## TASK
The listing is to be reproduced exactly, excluding its pictures.

## DATA SEGMENT
◇ ◇ ◇ ◇ ◇ ◇ ◇
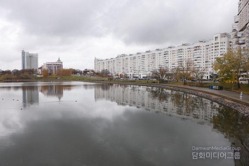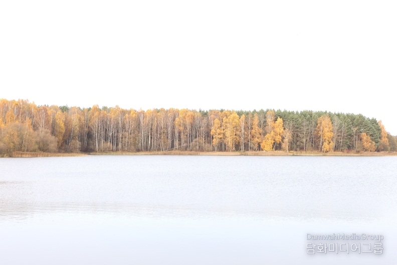 행사를 마치고 귀국 비행기에 오르며, 창밖으로 보이는 호수 위의 단풍, 하늘과 바다가 맞닿는 수평선, 그리고 벨라루스의 석양과 한국의 새벽빛이 이어지는 듯한 풍경이 시의 모티브가 되었습니다.
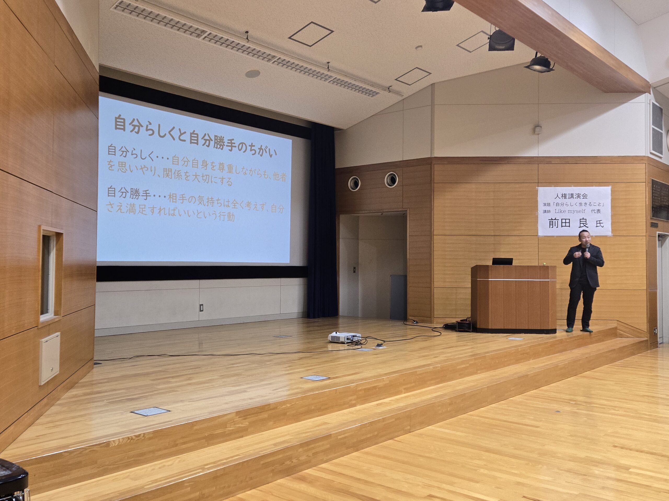 Like myself 代表の前田良先生を講師に迎え、「自分らしく生きること」について自身の経験をもとにお話をしていただきました。生徒たちは性別を超えた「個」として一人ひとりが認められること、また、自分らしさと自分勝手の違いについて考える良い機会となりました。講演終了後には、質疑応答が途絶えることなく続き、生徒たちの関心の高さがうかがえるとともに、なんでも気さくに答えていただける先生の優しさを感じました。
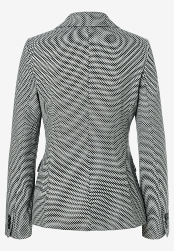 Женственный строгий деловой пиджак с графическим мини-узором черного/бежевого/бежевого цвета. Строгий однобортный костюм. Воротник с лацканами. Карманы с клапанами. Длинный рукав. Длина по размеру 42 - 62 см.
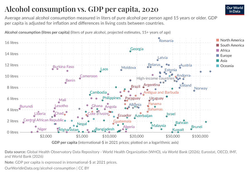 In the chart, we see the relationship between average per capita alcohol consumption – in liters of pure alcohol per year – versus gross domestic product (GDP) per capita across countries.
◇ ◇ ◇ ◇ ◇ ◇ ◇
## RESPONSE TO THE EXERCISE
 행사를 마치고 귀국 비행기에 오르며, 창밖으로 보이는 호수 위의 단풍, 하늘과 바다가 맞닿는 수평선, 그리고 벨라루스의 석양과 한국의 새벽빛이 이어지는 듯한 풍경이 시의 모티브가 되었습니다.
 Like myself 代表の前田良先生を講師に迎え、「自分らしく生きること」について自身の経験をもとにお話をしていただきました。生徒たちは性別を超えた「個」として一人ひとりが認められること、また、自分らしさと自分勝手の違いについて考える良い機会となりました。講演終了後には、質疑応答が途絶えることなく続き、生徒たちの関心の高さがうかがえるとともに、なんでも気さくに答えていただける先生の優しさを感じました。
 Женственный строгий деловой пиджак с графическим мини-узором черного/бежевого/бежевого цвета. Строгий однобортный костюм. Воротник с лацканами. Карманы с клапанами. Длинный рукав. Длина по размеру 42 - 62 см.
 In the chart, we see the relationship between average per capita alcohol consumption – in liters of pure alcohol per year – versus gross domestic product (GDP) per capita across countries.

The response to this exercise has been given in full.